İstanbul’da son yılların en önemli futbol organizasyonu düzenleniyor. Gençlik ve Spor Bakanlığı, Türkiye Futbol Federasyonu, İstanbul Valiliği, İstanbul Büyükşehir Belediyesi tüm birimler binlerce gönüllü futbolseverle büyük ve görkemli bir işe imza attı.

Taksim’de, Beşiktaş’ta meydanlar İngiliz taraftarların şölenine sahne oldu. Bir tarafta son Şampiyonlar Ligi şampiyonu Liverpool, diğer tarafta son UEFA Avrupa Lig’i şampiyonu Chelsea.

UEFA Süper Kupa finalinde ilk kez iki İngiliz takımı rakip olacaktı. Üstelik Türkiye’de.

Üstüne üstlük ilk kez bir kadın hakem böylesine üst düzey bir maçta düdük çalacaktı.

Vodafone Park’ta tribünler tıklım tıklımdı.

Maç öncesi görsel şovlar müthişti.

Sahanın ortasında folklor gösterisi muazzam.

Tribünde her milletten binlerce insan.

Localarda kalbur üstü insanlar.

Liverpool ve Chelsea taraftarı yan yana maç izliyor.

Kendi maçlarında dost takınmasalar da bu karşılaşmada Galatasaray, Fenerbahçe, Beşiktaş ve Trabzonspor taraftarları da birlikte bu tarihi maçı izlemeye gelmiş.

Düdük çalmış, maç başlamış.

Maçın favorisi Liverpool ama ilk golü Pedro ile atıyor bile Chelsea.

O arada sahaya ‘yabancı bir madde’ atlıyor ama ekranlara yansıyacak değerde bile değil.

Sonra Mane sahneye çıkıyor. Maçın 90 dakikası 1-1, uzatmaları 2-2 bitiyor.

Artık son sözü penaltılar söyleyecek. Her şey mükemmel.

Derken son penaltıyı genç Abraham kaçırdı. Daha doğrusu Adrian kurtardı.

Liverpool cephesinde bir sevinç. Jürgen Klopp bile yedek kulübesinden 100 metre koşucusu gibi fırladı.

Kale arkası tribünün önünde sevinçten yumak olmuş bir Liverpool takımı ve bu tarihi geceye şahitlik eden bir İstanbul.

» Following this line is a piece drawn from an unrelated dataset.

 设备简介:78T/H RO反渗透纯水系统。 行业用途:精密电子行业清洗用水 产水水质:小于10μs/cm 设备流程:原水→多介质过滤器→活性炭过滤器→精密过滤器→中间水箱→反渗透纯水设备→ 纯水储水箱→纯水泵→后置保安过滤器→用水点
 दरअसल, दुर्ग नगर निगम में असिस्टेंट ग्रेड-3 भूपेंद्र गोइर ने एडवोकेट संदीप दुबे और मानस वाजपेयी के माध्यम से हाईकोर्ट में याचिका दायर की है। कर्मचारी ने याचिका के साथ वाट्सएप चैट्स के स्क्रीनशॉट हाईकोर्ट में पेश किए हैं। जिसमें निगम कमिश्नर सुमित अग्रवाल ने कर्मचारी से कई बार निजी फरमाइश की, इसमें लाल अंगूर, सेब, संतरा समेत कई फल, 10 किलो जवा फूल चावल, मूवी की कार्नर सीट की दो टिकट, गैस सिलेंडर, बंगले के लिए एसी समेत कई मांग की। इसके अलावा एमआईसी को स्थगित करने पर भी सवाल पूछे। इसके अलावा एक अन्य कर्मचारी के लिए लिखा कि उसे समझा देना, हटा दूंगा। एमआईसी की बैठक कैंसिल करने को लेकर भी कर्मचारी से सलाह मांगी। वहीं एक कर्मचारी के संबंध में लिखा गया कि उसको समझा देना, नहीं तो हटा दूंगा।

Stattaki futbolseverlere tam her şey bir rüya gibi gelirken, bir ‘taraftar’ sahaya atladı.

Sevinmekte olan Liverpool takımının arasına daldı.

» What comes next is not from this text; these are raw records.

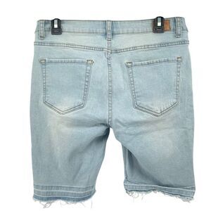 bermuda denim shorts, stretchy jean shorts, raw hem denim, light wash shorts, mid-rise denim shorts, denim shorts size large, women’s summer shorts, casual jean shorts, trendy denim shorts, festival outfit shorts, beach day denim, denim blvd shorts, raw edge jean shorts, comfortable stretch shorts, everyday denim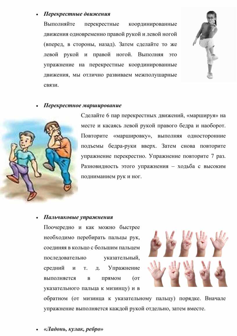 Выполняйте перекрестные координированные движения одновременно правой рукой и левой ногой (вперед, в стороны, назад). Затем сделайте то же левой рукой и правой ногой. Выполняя это упражнение на перекрестные координированные движения, мы отлично развиваем межполушарные связи.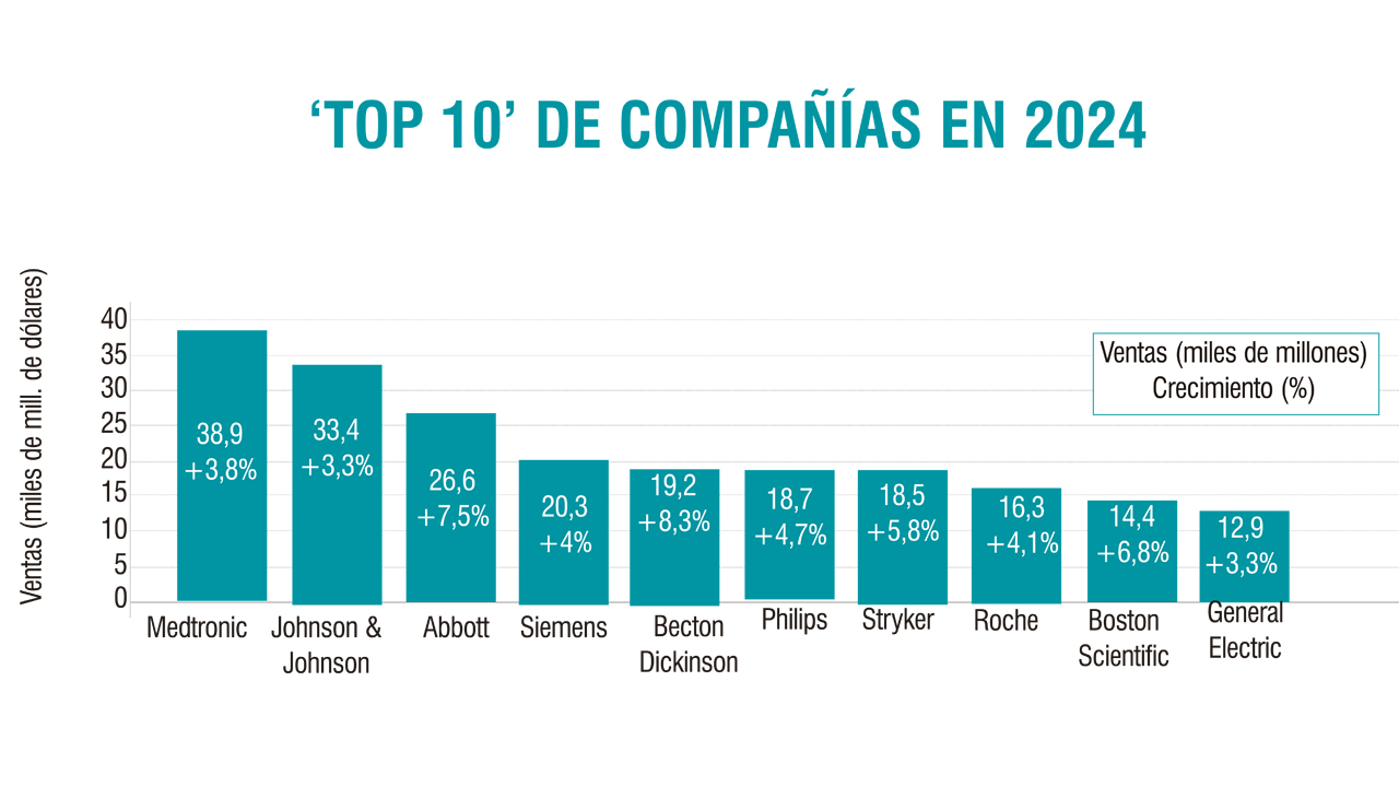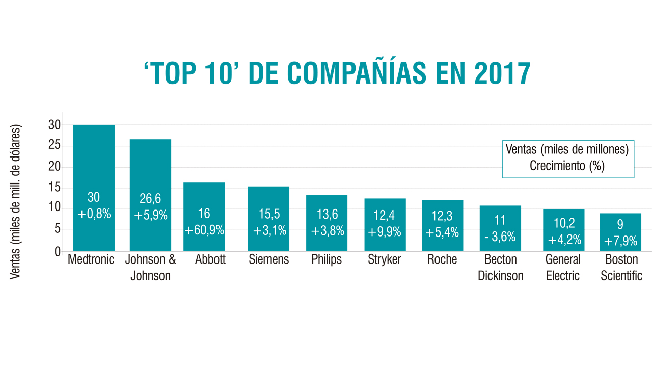 Medtronic, pese a registrar la menor tasa de crecimiento entre las veinte primeras compañías, se mantuvo líder en 2017 con unas ventas globales de 30.000 millones de dólares y una cuota de mercado del 7,4. También se espera que sea la primera compañía del mundo en 2024, con ventas estimadas en los 38.900 millones pero con menos cuota (6,5 por ciento). Destaca el crecimiento en los ingresos de Abbott en 2017 (60,9 por ciento) como resultado de la adquisición de St. Jude, que fortaleció su posición en cardiología. Para 2024 esta compra y la de Alere, junto con la venta de su unidad de negocio de oftalmología, le mantedrá en la tercera posición del ranking con unas ventas estimadas en más de 26.000 millones.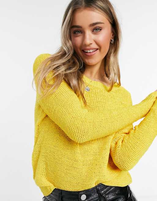 Only knitted long sleeve crew neck sweater in mustard yellow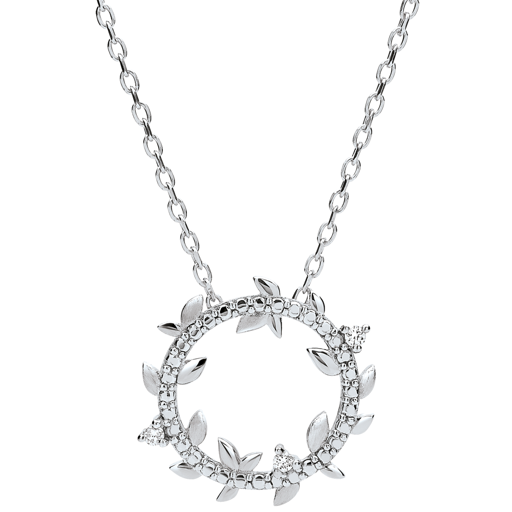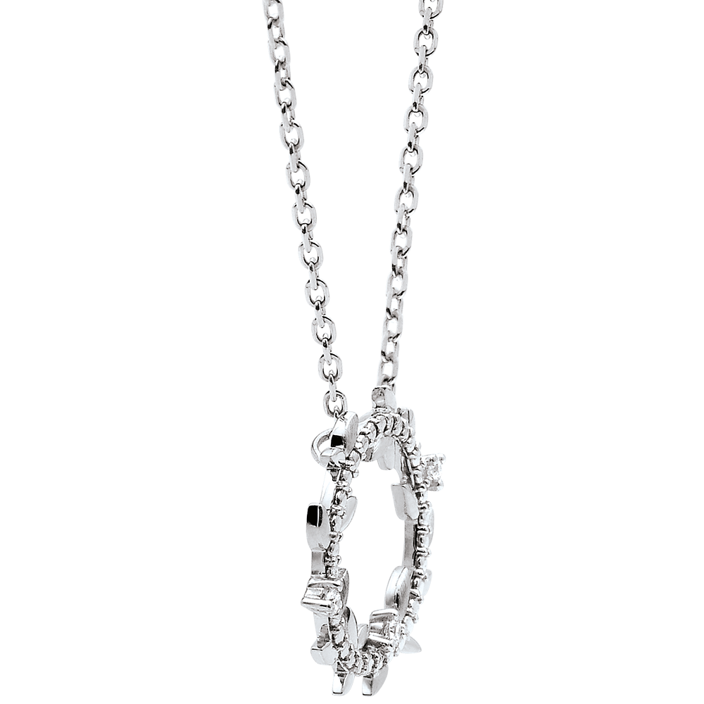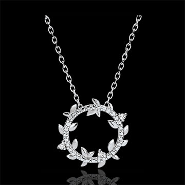 Romantyczny naszyjnik wysadzany 6 diamentami, wykonany naprzemiennie z błyszczących liści z białego złota i z liści ze złota szczotkowanego ręcznie.

Kaş yaparken göz çıkartacak ya bir de gecenin adamı, kaleci Adrian’ı sakatlamaz mı?

Her şey kazasız belasız giderken bu ‘sözde taraftar’ gecenin içine etti.

Liverpool, UEFA’ya Adrian’ı sakatlayan ‘sözde taraftar’ nedeniyle şikayette bulunmuş.

Zaten ülke olarak bu tarz üst seviye başarılara hasretiz.

Zaten Avrupa’nın bir organizasyon verirken kırk kere düşündüğü bir coğrafyayız.

Bu gereksiz ve manasız olaylar neden?

Bir işi de kazasız belasız yapamayacak mıyız?

Ve asıl soru: ‘Taraftar’ denen bu sorumsuzlar kimdir?

Bu yaptığının cezasını çekecek mi? Yoksa karakolda bir çay içip sorumsuzluğuna geri mi dönecek?